泰国清迈每年在旱季(12月至4月)经历严重的雾霾污染,主要是由于当地和区域生物质燃烧(例如农业用地)。雾霾的主要成分是空气中的颗粒物(PM)。在雾霾事件期间,生物质燃烧可能是PM排放的主要来源,而在其他时间,交通排放占主导地位。交通产生的PM的危害以前已经进行了广泛的研究,但关于生物质燃烧排放的PM的毒性存在不确定性。研究人员在J774.1巨噬细胞中体外比较了2020年清迈雾霾事件期间和之后收集的PM10样本的毒性,因为它们负责清除吸入颗粒。柴油尾气颗粒和超细炭黑通常被用作PM的替代品,因此被纳入基准颗粒。在3.9-125µg ml−1的浓度下,对暴露24 h后的细胞毒性进行评估。细胞因子的产生(肿瘤坏死因子α (TNF-α)、白细胞介素(IL)-6、IL-1β、巨噬细胞炎症蛋白(MIP-2))被评估,并用光镜和扫描电镜观察细胞形态。测定了各颗粒的水动力直径、zeta电位和内毒素含量以及PM样品的金属含量。所有颗粒均诱导浓度依赖性细胞活力降低,TNF-α和MIP-2的产生增加。只有PM样品刺激IL-6的产生,只有非雾霾PM引起IL-1β的产生。对任何颗粒均未检测到IL-10产量的变化。PM样品和DEP引起细胞内形成液泡。内毒素和金属的浓度在非雾霾PM中最高,这可能解释了为什么它会引起最大的炎症反应。由于非雾霾PM比雾霾PM毒性更大,我们的研究结果表明PM排放源可以影响其毒性效力,更具体地说,生物质燃烧排放的PM可能比交通排放的PM毒性更小。

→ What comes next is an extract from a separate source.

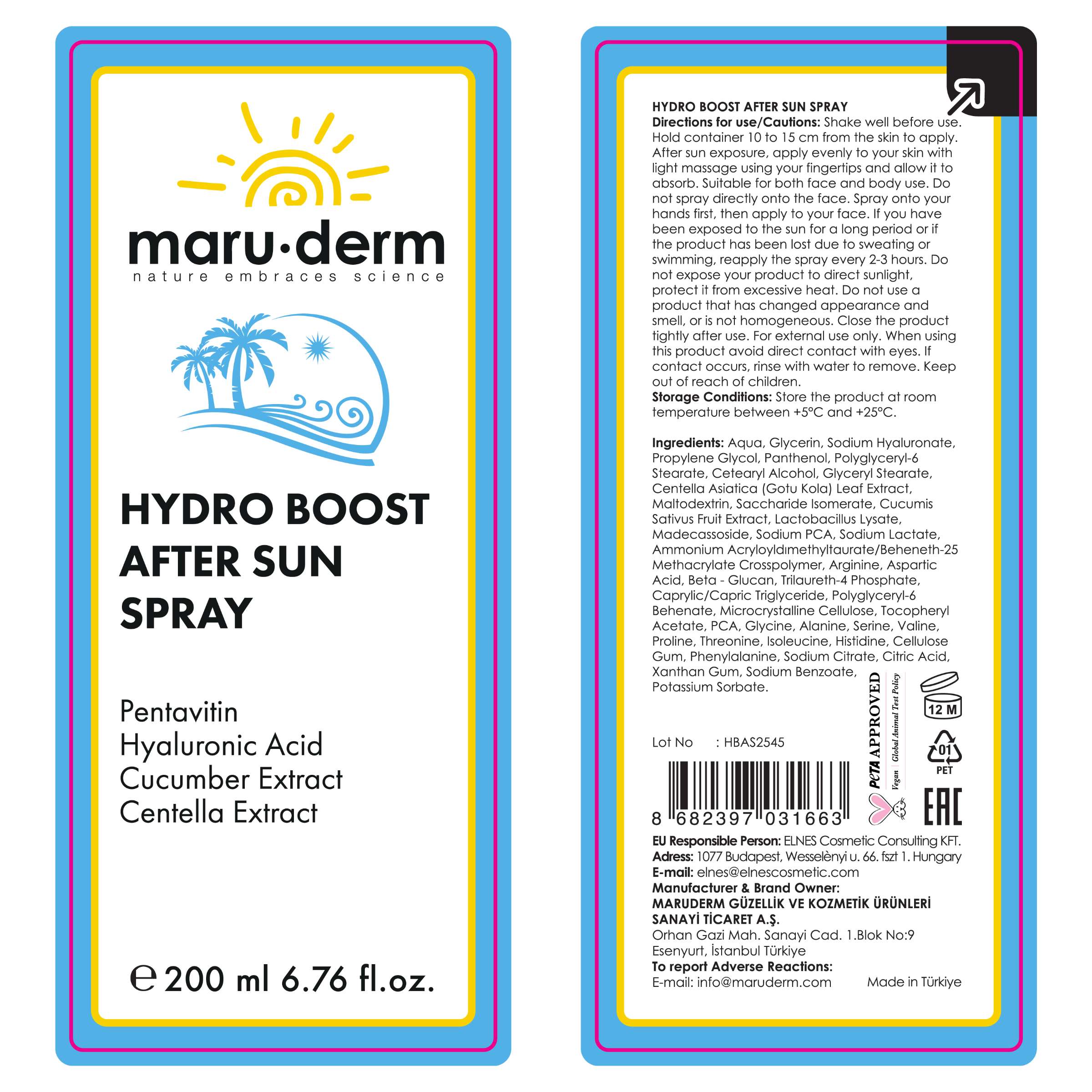 Maruderm Güneş Sonrası Yoğun Nemlendirici ve Onarıcı Sprey 200 ML Etken Maddeleri Nedir?

本文章由计算机程序翻译,如有差异,请以英文原文为准。
In vitro assessment of the pulmonary toxicity of particulate matter emitted during haze events in Chiang Mai, Thailand via investigation of macrophage responses
Chiang Mai (Thailand) experiences severe haze pollution in the dry season (December–April) each year mainly due to local and regional biomass burning (e.g. of agricultural land). A major component of the haze is airborne particulate matter (PM). During haze events, biomass burning is likely to be the dominant source of PM emissions, and at other times emissions from traffic dominate. The hazard of traffic derived PM has been extensively investigated previously but there are uncertainties regarding the toxicity of PM emitted from biomass burning. The toxicity of PM10 samples collected during and after haze events in Chiang Mai in 2020 was compared in vitro in J774.1 macrophages as they are responsible for the clearance of inhaled particles. Diesel exhaust particles and ultrafine carbon black were included as benchmark particles as they have been commonly used as a surrogate for PM. Cytotoxicity was evaluated 24 h post exposure at concentrations of 3.9–125 µg ml−1. Cytokine production (tumour necrosis factor alpha (TNF-α), interleukin (IL)-6, IL-1β, macrophage inflammatory protein (MIP-2)) was assessed and cell morphology visualised using light and scanning electron microscopy. The hydrodynamic diameter, zeta potential and endotoxin content of all particles was assessed as well as the metal content of PM samples. All particles induced a concentration dependent decrease in cell viability and increased TNF-α and MIP-2 production. Only PM samples stimulated IL-6 production and only non-haze PM caused IL-1β production. No change in IL-10 production was detected for any particle. PM samples and DEP caused vacuole formation in cells. The concentrations of endotoxin and metals were highest in non-haze PM, which may explain why it induced the greatest inflammatory response. As non-haze PM was more toxic than haze PM, our results indicate that the source of PM emissions can influence its toxic potency and more specifically, that PM emitted from biomass burning may be less toxic than PM emitted from traffic.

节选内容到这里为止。